(From left to right) Stephen Thomas, founder at Webs Creek Capital; James Peachey, senior associate at QuikTrip Investment Group; and Brad Nelson, managing director at Stephens Inc. during a panel at Hart Energy’s Energy Capital Conference on June 4. (Source: Hart Energy)
The relationship between family investing offices and energy businesses has warmed up significantly in the 2020s after a lengthy rough patch, panelists at Hart Energy’s Energy Capital Conference said June 4.
“You saw a trend kind of moving away from capital and moving away from the energy sector seven, eight, nine years ago,” said Brad Nelson, managing director at Stephens Inc., based in Little Rock, Arkansas. The firm provides investment banking services to hundreds of family offices.
Nelson said oil and gas lost the trust of family offices starting with the market crash in 2008 and then through overaggressive spending in the 2010s. The ESG trend prompted others to take their capital elsewhere.
“If you think about what happened in 2008, 2009 and then the downfall from 2014 through 2016, you just saw a lot of these companies produce basically subpar returns, a lot of destruction of wealth in those two cycles,” Nelson said.
Energy companies have had to rebuild the trust of investors, he said.

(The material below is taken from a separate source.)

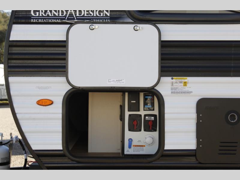 With any Transcend One travel trailer by Grand Design, you will enjoy lightweight towing thanks to their single-axle. There are many interior comforts to make camping easier than ever, such as recessed lighting, residential countertops, and a 6' 6" interior height. Each model is constructed with a heated and enclosed underbelly with suspended tanks, a moisture barrier floor enclosure, and Thermofoil over the roof and front cap for added protection. And a JBL sound system will let you listen to tunes as you visit under the power awning with a Fusion light!

James Peachey, senior associate at QuikTrip Investment Group, said family offices are noticing the improved capital discipline. QuikTrip, the privately held convenience store operator based in Tulsa, Oklahoma, started an investment office to find ways to deploy underutilized capital, Peachey said. Its only energy investment so far is in a large minerals and royalties portfolio.
“With the energy opportunity, there were a lot of institutional investors leaving for non-economical reasons, which was driving down valuations,” Peachey said. “That offered us an opportunity to have a very stable cash flow asset with no operating risk.”
Stephen Thomas, founder at Webs Creek Capital, a Dallas-based investment manager focused on investing exclusively in the energy sector, said family offices understand the long-term nature of energy investments because they also have long-term outlooks.
It’s important to align “the management and founder vision with the investor base’s vision,” he said. “You’re bringing in families that understand the duration of the investment, they understand that this is going to be a dividend-type model or where you’re going to hold it for 10 years and sell it at a big exit. That’s really critical.”
Nelson said many offices have done a “good job of getting smart on the sector over the last four, five, six years” by hiring experts in the field.
The offices can also move fast. Thomas said one of his funds was $100 million short of its target when he found a family office that had made money in energy.
“They co-invested with a bunch of other groups and literally raised the other $100 million in a period of three weeks,” he said. “I had been beating my brains against the wall for six months.”
With the trust restored and so much in common, it could be the beginning of a beautiful friendship.
“We’re in the early innings of family offices coming and bringing capital to energy,” Peachey said. “Especially with the supply-demand imbalance that we are going to have with the power demand, I think there’s going to be more and more partnerships for folks who are seeking family office capital.”